WORK TASK: Transcribe each entry exactly, without pictures.

PROVIDED INFORMATION:
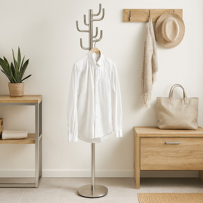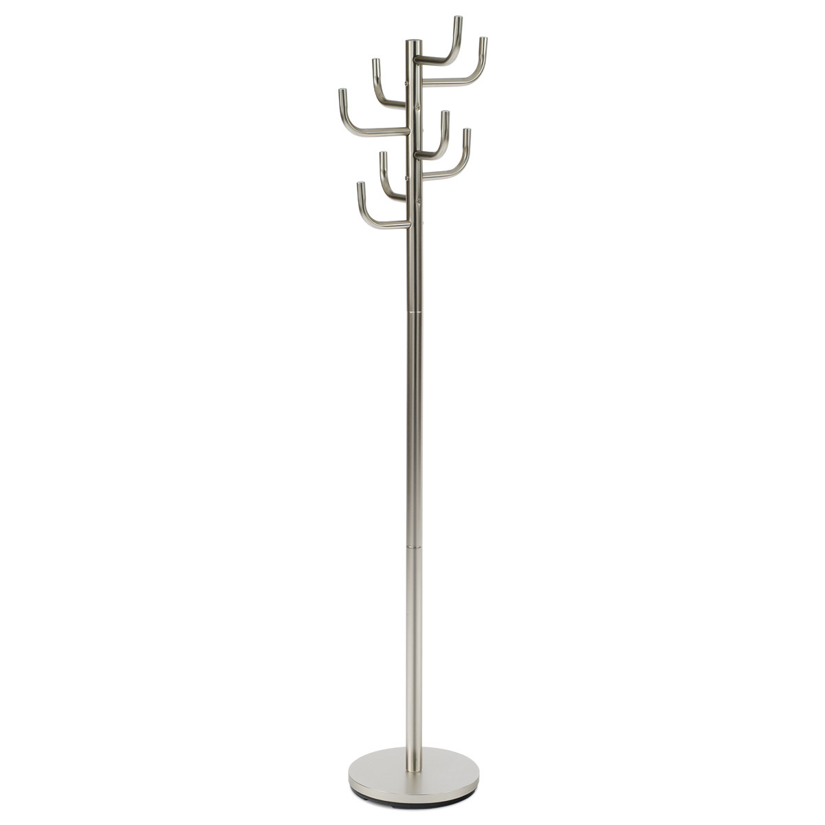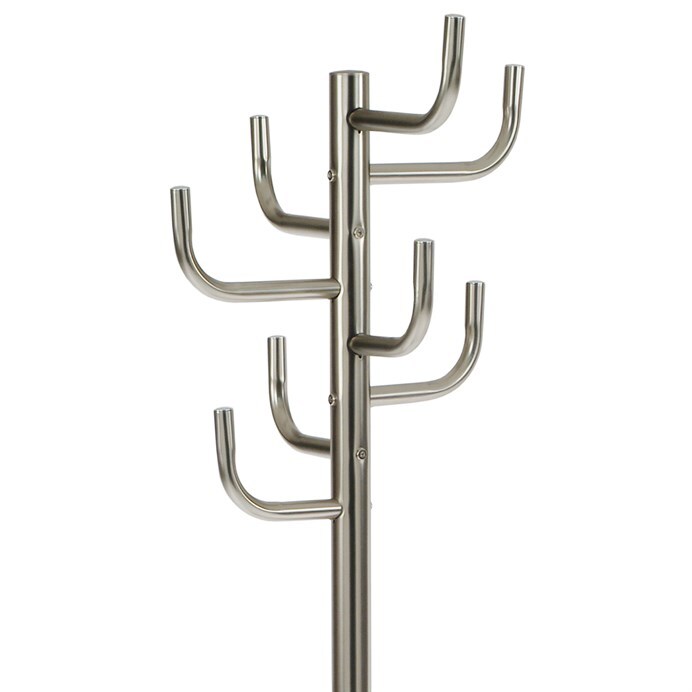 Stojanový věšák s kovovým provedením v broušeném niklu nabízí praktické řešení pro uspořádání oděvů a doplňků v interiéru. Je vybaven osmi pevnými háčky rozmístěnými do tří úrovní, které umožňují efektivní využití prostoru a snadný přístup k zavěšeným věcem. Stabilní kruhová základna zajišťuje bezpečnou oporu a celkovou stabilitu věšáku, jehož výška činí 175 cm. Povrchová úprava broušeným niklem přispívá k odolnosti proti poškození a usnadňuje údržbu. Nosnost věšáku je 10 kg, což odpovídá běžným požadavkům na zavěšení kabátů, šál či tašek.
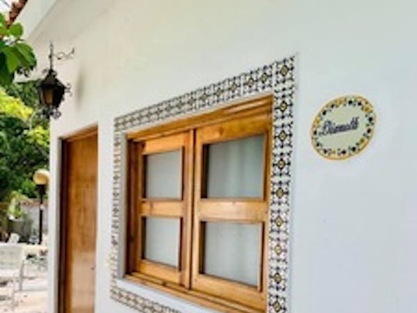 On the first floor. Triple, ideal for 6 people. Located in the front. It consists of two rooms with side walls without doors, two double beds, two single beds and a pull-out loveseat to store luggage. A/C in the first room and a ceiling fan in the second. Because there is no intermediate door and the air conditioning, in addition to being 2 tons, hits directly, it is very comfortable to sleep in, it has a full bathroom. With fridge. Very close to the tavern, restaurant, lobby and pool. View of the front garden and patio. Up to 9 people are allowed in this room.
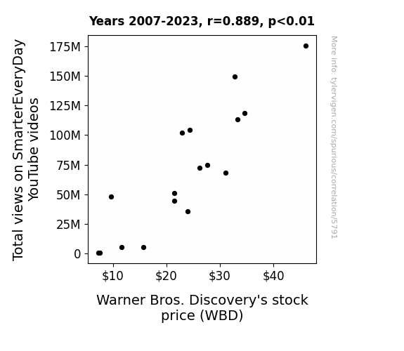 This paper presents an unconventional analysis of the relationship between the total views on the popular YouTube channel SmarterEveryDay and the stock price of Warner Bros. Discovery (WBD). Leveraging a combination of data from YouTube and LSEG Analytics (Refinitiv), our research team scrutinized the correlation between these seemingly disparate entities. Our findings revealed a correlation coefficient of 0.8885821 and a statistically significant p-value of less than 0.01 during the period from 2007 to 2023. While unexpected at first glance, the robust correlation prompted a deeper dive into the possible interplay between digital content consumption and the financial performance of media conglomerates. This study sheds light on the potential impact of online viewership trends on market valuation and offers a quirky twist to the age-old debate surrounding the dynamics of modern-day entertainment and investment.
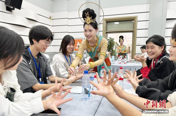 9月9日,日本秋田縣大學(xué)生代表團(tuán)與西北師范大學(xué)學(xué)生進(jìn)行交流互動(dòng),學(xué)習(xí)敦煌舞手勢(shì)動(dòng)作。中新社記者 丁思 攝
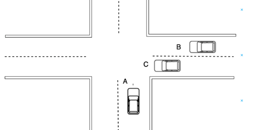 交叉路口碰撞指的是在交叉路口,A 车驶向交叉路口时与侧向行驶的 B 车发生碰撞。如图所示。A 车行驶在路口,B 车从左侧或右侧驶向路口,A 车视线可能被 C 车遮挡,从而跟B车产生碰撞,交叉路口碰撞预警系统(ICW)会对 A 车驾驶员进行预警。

WRITTEN RESPONSE:
 Stojanový věšák s kovovým provedením v broušeném niklu nabízí praktické řešení pro uspořádání oděvů a doplňků v interiéru. Je vybaven osmi pevnými háčky rozmístěnými do tří úrovní, které umožňují efektivní využití prostoru a snadný přístup k zavěšeným věcem. Stabilní kruhová základna zajišťuje bezpečnou oporu a celkovou stabilitu věšáku, jehož výška činí 175 cm. Povrchová úprava broušeným niklem přispívá k odolnosti proti poškození a usnadňuje údržbu. Nosnost věšáku je 10 kg, což odpovídá běžným požadavkům na zavěšení kabátů, šál či tašek.
 On the first floor. Triple, ideal for 6 people. Located in the front. It consists of two rooms with side walls without doors, two double beds, two single beds and a pull-out loveseat to store luggage. A/C in the first room and a ceiling fan in the second. Because there is no intermediate door and the air conditioning, in addition to being 2 tons, hits directly, it is very comfortable to sleep in, it has a full bathroom. With fridge. Very close to the tavern, restaurant, lobby and pool. View of the front garden and patio. Up to 9 people are allowed in this room.
 This paper presents an unconventional analysis of the relationship between the total views on the popular YouTube channel SmarterEveryDay and the stock price of Warner Bros. Discovery (WBD). Leveraging a combination of data from YouTube and LSEG Analytics (Refinitiv), our research team scrutinized the correlation between these seemingly disparate entities. Our findings revealed a correlation coefficient of 0.8885821 and a statistically significant p-value of less than 0.01 during the period from 2007 to 2023. While unexpected at first glance, the robust correlation prompted a deeper dive into the possible interplay between digital content consumption and the financial performance of media conglomerates. This study sheds light on the potential impact of online viewership trends on market valuation and offers a quirky twist to the age-old debate surrounding the dynamics of modern-day entertainment and investment.
 9月9日,日本秋田縣大學(xué)生代表團(tuán)與西北師范大學(xué)學(xué)生進(jìn)行交流互動(dòng),學(xué)習(xí)敦煌舞手勢(shì)動(dòng)作。中新社記者 丁思 攝
 交叉路口碰撞指的是在交叉路口,A 车驶向交叉路口时与侧向行驶的 B 车发生碰撞。如图所示。A 车行驶在路口,B 车从左侧或右侧驶向路口,A 车视线可能被 C 车遮挡,从而跟B车产生碰撞,交叉路口碰撞预警系统(ICW)会对 A 车驾驶员进行预警。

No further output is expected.